Rasulullah Saw. bersabda: “Laranglah wanita kalian memakai perhiasan dan berlagak genit di mesjid. Sesungguhnya Bani Israil tidak dilaknat sampai wanita-wanita mereka memakai perhiasan dan bergenit ria di mesjid.” Dalam al-Zawajir Ibn Hajar al-Haitami berkata: ”Bahwa sesuai kejelasan hadits-hadits ini, perbuatan semacam itu termasuk dosa besar. Dan hal ini, semestinya dipahami jika nyata-nyata menimbulkan fitnah. Sedangkan sekedar kekhawatiran adanya fitnah maka hukumnya makruh, dan bila besertaan dugaan kuat adanya fitnah maka haram yang tidak termasuk dosa besar, sebagaimana cukup jelas. Termasuk dosa besar juga, adalah keluarnya wanita tanpa izin dan persetujuan suaminya untuk keperluan yang tidak mendesak secara syar’i.”
- Hasyiyah al-Syirwani[5]
(قَوْلُهُ بِقَدْرِ مَا يُسْمَعْنَ إلخ) أَيْ وَلَمْ تَقْصُدْ اْلأَذَانَ الشَّرْعِيَّ. فَإِنْ رَفَعَتْ فَوْقَ ذَلِكَ أَوْ أَرَادَتْ اْلأَذَانَ الشَّرْعِيَّ حَرُمَ وَإِنْ لَمْ يَكُنْ ثَمَّ أَجْنَبِيٌّ. نَعَمْ إِنْ قَصَدَتْ مَعَ عَدَمِ رَفْعِ صَوْتِهَا التَّشَبُّهَ بِالرِّجَالِ حَرُمَ كَمَا هُوَ ظَاهِرٌ. وَكَذَا إِنْ قَصَدَتْ حَقِيْقَةَ اْلأَذَانِ فِيْمَا يَظْهَرُ لِقَصْدِهَا عِبَادَةً فَاسِدَةً وَمَا يَتَضَمَّنُ التَّشَبُّهَ بِالرِّجَالِ .
(Yang diperbolehkan) hanya sekedar bisa didengar sesama jamaah wanita, dan tidak bermaksud untuk mengumandangkan azan syar’i. Jika seorang wanita mengeraskan suaranya lebih dari itu, atau bermaksud mengumandangkan azan syar’i, maka hukumnya haram walaupun di sana tidak ada laki-laki lain (bukan mahram). Memang begitu, jika ia bermaksud menyerupai laki-laki walaupun tanpa mengeraskan suara, sebagaimana cukup jelas. Begitu pula bila ia bermaksud mengumandangkan adzan, menurut pendapat yang cukup kuat, karena maksudnya melakukan ibadah fasidah (rusak) dan unsur tasyabuh (menyerupai) laki-laki yang ada.
- Hasyiyah al-Bajuri [6]
(قَوْلُهُ خُطْبَتَيْنِ) كَخُطْبَتَيِ الْجُمْعَةِ فِي اْلأَرْكَانِ لاَ فِي الشُّرُوْطِ فَإِنَّهَا لاَتُشْتَرَطُ هُنَا بَلْ تُسْتَحَبُّ اْلإِسْمَاعُ وَالسَّمَاعُ وَكَوْنُ الْخُطْبَةِ عَرَبِيَّةً وَكَوْنُ الْخَطِيْبِ ذَكَرًا .

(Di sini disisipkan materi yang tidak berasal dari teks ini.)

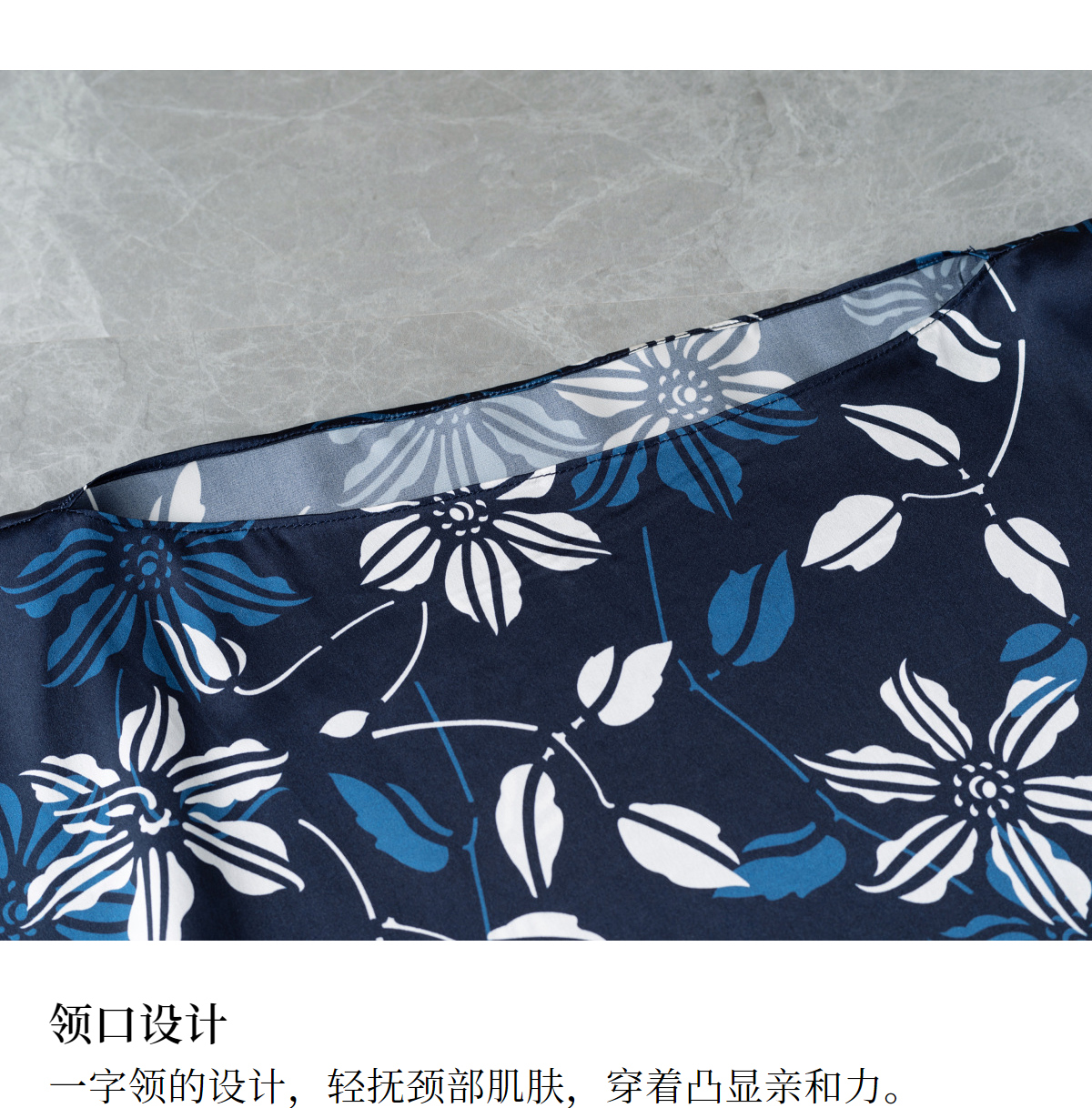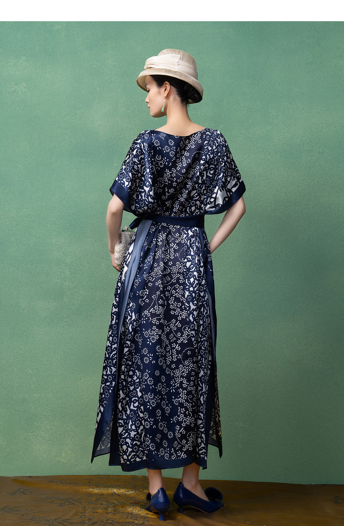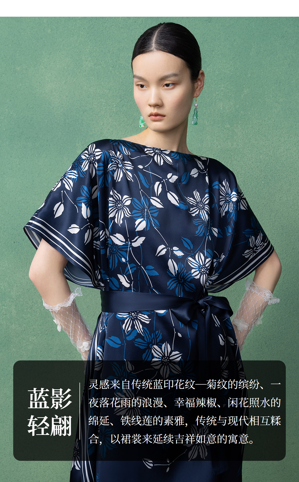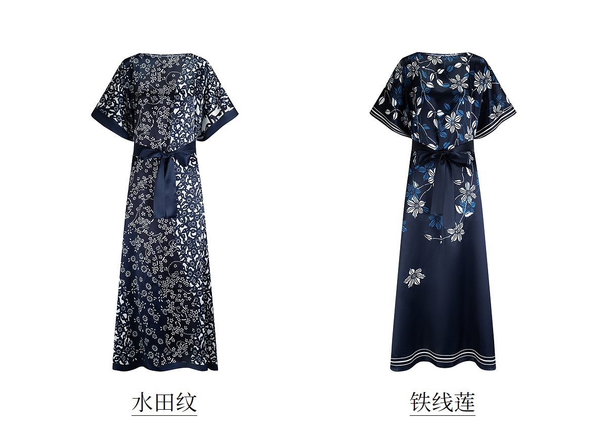 【林栖设计小店】(现货)真丝素绉缎连衣裙多色复古传统蓝印花铁线莲花纹2025春夏新品长裙女T1952348

(Dua khotbah) seperti khotbah Jum’at dalam rukun-rukunnya dan bukan dalam syarat-syaratnya, karena syarat-syaratnya tidak disyaratkan di sini. Namun, disunatkan memperdengarkan dan mendengarkan khotbah, adanya khotbah dengan bahasa arab dan si khotib laki-laki.
[1] Alauddin Ibn al-Authar, Fatawa al-Imam al-Nawawi, (Beirut: Dar al-Kutub al-Ilmiyah, 1402 H/1983 M), h. 43.

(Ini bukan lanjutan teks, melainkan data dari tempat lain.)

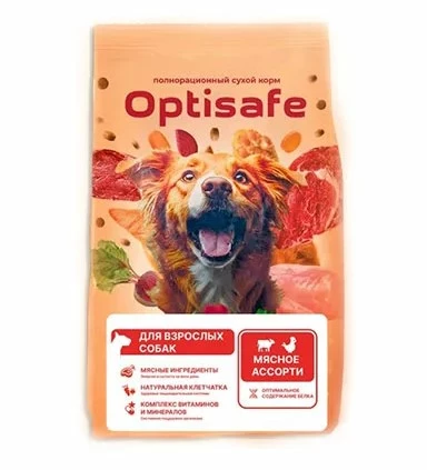 Полнорационный сухой корм OPTISAFE эконом класса для взрослых собак всех пород мясное ассорти весом 13 кг.

[2] Ibn Hajar al-Haitami, al-Minhaj al-Qawim pada al-Hawasyi al-Madaniyah, (Mesir: Musthafa al-Halabi, 1366 H), Jilid II, h. 57.
[3] Zakaria al-Anshari dan Muhammad Sulaiman al-Bujairimi, Fath al-Wahhab dan al-Tajrid li Naf’i al-‘Abid, (Mesir: Musthafa al-Halabi, 1369 H/1950 M), Jilid I, h. 427.

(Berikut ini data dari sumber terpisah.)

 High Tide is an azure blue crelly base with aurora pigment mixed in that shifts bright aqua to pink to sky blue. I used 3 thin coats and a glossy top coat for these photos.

[4] Muhammad Babashil, Is’ad al-Rafiq ‘ala Sullam al-Taufiq, (Indonesia: Dar Ihya’ al-Kutub al-Arabiyah t. th.), Juz II, h. 136.
[5] Abdul Hamid al-Syirwani, Hasyiyah al-Syirwani (Mesir: Dar al-Shadir, t. th.), Jilid I, h. 467.
[6] Ibrahim al-Bajuri, Hasyiyah al-Bajuri, (Indonesia: Dar Ihya’ al-Kutub al-‘Arabiyah, 1340 H/1922 M), Jilid I, h. 235.
Sumber: Ahkamul Fuqaha no.258 KEPUTUSAN MUKTAMAR NAHDLATUL ULAMA KE-15 Di Surabaya Pada Tanggal 10 Dzulhijjah 1359 H. / 9 Pebruari 1940 M.